Security culture here is… loud. If they’re teasing you, you’re in. If they’re not, worry. There’s a senior NCO, Gary, who greeted the Chief by accusing her of drinking mint like it was a crime against Klingon heritage. She threatened to cut out his guts and eat them and somehow that was “good morning.” I’m still calibrating.

We’ve also got a VIP on board — a diplomatic type named Mister Tomer. I didn’t meet him right away; all I heard was that he’d holed up in his VIP quarters and wasn’t answering chimes on the morning of the race. Rumor mill labeled him difficult, touchy, not thrilled to be here. Whether he was nervous about the mission, the ship, or just people in general, I couldn’t say.

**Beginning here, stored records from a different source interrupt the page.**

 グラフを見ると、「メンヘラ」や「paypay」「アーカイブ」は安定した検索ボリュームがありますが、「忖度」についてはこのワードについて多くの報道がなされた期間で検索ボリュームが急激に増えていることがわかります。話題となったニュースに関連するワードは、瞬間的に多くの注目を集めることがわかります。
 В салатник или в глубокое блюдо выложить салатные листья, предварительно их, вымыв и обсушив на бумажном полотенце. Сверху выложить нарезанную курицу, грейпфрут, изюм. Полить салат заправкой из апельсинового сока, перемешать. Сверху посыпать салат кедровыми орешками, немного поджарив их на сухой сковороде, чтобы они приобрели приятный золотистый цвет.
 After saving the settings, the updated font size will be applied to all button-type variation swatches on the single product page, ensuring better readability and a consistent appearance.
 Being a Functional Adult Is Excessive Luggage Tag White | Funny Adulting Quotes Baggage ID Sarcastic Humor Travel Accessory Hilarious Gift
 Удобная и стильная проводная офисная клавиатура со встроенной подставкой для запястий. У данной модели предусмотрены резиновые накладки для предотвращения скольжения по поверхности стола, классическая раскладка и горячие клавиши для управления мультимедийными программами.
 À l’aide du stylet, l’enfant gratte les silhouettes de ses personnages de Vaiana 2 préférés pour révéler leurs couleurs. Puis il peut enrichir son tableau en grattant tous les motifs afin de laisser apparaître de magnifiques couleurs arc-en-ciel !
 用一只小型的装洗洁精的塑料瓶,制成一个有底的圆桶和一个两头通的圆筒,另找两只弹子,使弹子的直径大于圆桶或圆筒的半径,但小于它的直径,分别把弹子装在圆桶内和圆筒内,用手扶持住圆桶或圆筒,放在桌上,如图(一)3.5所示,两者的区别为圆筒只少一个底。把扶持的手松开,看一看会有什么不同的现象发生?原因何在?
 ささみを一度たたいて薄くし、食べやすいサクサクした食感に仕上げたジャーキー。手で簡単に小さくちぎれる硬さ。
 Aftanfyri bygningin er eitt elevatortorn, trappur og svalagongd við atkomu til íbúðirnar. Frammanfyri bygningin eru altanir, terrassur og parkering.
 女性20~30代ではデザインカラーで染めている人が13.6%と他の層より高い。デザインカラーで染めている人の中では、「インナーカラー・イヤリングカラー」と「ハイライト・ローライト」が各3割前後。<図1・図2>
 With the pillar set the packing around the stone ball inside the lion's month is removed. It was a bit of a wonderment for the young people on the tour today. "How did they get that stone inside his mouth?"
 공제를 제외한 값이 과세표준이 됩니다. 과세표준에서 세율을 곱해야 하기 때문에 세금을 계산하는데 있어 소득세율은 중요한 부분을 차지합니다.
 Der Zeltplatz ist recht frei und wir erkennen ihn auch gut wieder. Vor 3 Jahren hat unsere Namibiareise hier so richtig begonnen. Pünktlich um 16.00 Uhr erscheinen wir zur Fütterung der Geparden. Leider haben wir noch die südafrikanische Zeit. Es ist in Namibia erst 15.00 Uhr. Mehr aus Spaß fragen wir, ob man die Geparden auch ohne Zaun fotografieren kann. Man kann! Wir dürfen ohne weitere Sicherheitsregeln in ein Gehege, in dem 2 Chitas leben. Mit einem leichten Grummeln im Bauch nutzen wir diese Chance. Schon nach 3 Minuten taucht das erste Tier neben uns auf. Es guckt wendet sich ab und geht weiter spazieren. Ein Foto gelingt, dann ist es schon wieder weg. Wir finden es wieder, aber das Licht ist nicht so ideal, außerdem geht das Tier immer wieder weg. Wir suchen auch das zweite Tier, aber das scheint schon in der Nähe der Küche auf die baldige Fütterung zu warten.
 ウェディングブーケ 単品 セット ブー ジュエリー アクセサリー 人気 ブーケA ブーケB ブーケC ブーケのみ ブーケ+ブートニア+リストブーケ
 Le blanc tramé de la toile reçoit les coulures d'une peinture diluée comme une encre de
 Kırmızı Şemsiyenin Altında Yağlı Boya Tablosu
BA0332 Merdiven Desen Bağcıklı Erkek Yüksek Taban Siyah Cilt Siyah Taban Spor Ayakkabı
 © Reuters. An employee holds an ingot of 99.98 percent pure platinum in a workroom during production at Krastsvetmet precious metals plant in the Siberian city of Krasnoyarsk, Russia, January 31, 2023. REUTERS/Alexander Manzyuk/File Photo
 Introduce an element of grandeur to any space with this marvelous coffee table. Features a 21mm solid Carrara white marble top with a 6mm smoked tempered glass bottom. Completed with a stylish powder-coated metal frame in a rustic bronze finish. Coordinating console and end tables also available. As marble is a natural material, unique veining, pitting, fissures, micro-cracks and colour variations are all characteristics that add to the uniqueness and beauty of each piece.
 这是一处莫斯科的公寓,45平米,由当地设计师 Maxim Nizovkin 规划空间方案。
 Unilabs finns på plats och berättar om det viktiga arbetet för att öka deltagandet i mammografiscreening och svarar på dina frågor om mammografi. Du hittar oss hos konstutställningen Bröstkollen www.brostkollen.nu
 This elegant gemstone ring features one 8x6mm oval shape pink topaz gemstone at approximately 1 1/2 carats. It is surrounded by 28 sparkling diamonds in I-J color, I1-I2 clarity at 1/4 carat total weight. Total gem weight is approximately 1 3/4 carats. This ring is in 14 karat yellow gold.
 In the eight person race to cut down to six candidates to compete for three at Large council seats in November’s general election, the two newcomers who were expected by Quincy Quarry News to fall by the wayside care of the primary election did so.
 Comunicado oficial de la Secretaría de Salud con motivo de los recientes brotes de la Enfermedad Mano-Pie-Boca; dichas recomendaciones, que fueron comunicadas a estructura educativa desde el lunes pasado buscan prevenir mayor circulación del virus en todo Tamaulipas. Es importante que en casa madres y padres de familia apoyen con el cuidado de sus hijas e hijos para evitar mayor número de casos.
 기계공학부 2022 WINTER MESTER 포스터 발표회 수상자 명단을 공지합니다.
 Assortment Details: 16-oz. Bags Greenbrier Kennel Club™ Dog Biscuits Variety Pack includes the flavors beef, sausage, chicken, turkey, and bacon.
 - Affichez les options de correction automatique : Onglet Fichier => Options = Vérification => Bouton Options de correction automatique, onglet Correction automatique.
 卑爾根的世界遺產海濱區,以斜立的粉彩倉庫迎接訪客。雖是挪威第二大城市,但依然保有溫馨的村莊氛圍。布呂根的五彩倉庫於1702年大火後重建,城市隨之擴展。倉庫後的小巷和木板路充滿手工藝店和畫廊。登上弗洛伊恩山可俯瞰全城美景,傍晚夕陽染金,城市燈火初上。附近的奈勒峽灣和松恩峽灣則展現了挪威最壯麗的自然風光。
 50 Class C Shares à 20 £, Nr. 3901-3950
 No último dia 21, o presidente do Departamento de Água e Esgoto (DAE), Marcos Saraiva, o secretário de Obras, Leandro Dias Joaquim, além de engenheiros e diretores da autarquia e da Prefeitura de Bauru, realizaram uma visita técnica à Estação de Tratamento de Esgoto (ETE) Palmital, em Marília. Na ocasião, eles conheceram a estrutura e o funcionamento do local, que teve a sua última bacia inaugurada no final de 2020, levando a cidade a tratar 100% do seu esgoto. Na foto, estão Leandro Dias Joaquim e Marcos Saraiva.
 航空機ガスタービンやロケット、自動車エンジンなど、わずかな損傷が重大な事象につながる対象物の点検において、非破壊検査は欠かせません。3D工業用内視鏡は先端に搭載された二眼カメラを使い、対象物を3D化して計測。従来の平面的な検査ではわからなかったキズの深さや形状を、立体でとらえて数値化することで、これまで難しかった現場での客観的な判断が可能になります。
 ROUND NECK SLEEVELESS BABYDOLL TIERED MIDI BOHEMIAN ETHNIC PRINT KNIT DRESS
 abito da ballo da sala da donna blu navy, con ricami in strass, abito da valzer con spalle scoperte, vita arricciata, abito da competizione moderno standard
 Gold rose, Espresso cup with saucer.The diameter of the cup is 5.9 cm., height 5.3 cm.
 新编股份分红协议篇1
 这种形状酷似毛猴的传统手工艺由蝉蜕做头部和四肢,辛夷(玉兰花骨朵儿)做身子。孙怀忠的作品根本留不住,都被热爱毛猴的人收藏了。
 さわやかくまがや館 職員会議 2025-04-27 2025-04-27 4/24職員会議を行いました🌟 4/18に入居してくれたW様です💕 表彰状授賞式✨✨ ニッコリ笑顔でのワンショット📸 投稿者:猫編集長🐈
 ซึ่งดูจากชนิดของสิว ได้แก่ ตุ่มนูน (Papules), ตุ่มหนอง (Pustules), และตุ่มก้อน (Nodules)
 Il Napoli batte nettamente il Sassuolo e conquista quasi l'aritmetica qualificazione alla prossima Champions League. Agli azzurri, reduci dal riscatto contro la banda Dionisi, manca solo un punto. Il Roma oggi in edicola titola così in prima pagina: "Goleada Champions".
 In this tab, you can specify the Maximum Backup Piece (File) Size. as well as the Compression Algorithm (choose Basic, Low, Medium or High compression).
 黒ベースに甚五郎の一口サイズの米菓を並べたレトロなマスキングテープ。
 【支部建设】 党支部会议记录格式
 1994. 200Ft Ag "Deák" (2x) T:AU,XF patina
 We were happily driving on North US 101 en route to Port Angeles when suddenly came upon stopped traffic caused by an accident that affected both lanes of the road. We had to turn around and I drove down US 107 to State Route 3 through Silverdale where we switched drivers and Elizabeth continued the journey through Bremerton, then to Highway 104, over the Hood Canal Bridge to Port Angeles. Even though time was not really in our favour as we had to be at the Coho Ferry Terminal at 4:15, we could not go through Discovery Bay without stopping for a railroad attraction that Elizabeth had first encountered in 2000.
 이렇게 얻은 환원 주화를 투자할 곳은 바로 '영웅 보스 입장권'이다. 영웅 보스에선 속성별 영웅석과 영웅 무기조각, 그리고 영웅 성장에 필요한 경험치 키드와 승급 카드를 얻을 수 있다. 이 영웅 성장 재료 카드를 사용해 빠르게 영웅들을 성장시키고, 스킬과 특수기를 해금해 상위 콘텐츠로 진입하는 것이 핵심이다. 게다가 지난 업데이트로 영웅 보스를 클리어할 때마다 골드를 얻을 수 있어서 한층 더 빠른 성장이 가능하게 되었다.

Honestly, I can’t blame him on any of those.

The mission itself is where it gets weird.

On paper, it sounded almost fun — an interstellar “race track” around a wormhole, Yeager showing the flag while a bunch of ships run laps and pretend it’s about cooperation and not bragging rights. Science was excited about chroniton readings, Engineering about power distribution, and Security… mostly about keeping enthusiastic racers from smearing themselves across our hull.

They herded all the midshipmen into the briefing room. We were in the back, obviously. Commander Jensen did the “this mission feels different” speech they must teach in Command School, and we all pretended we weren’t just waiting to hear who got the exciting assignments.

Naturally, I did not get picked to fly anything. I got shipboard security, VIP coverage, and making sure no one smuggled contraband into spectator areas. Try to contain your shock.

Then the aeroshuttle dock exploded.

Not completely, thank the stars — but enough that Security got very busy, very fast. Suddenly the “fun race with diplomats” turned into “someone sabotaged a critical system and we don’t know why yet.” Our Chief and the CO were juggling investigation and keeping us on-mission while we worked off camera fragments and sensor ghosts, trying to decide if we were one step ahead of the saboteur or three behind.

Then came the wormhole.

You’d have loved it as pure physics. As “being on the ship”? Less so. One moment we’re pushing through the “race track,” all those buoys and distortions, and the next the whole universe lurches sideways. Consoles blew, lights flickered, inertial dampeners took a coffee break. I ended up on the deck with someone’s elbow in my ribs and that old airlock feeling clawing at my throat.

When we got our bearings, the stars were wrong.

I wasn’t on the bridge, but Security is tied into enough feeds to piece things together. Tactical and Science started throwing out names that should’ve stayed in Academy lectures: Defiant. Cardassian ship Os’rusa. Operation Return. Dominion War. Suddenly we weren’t just running a race; we were in the middle of history, and not in the “write an essay about it later” way.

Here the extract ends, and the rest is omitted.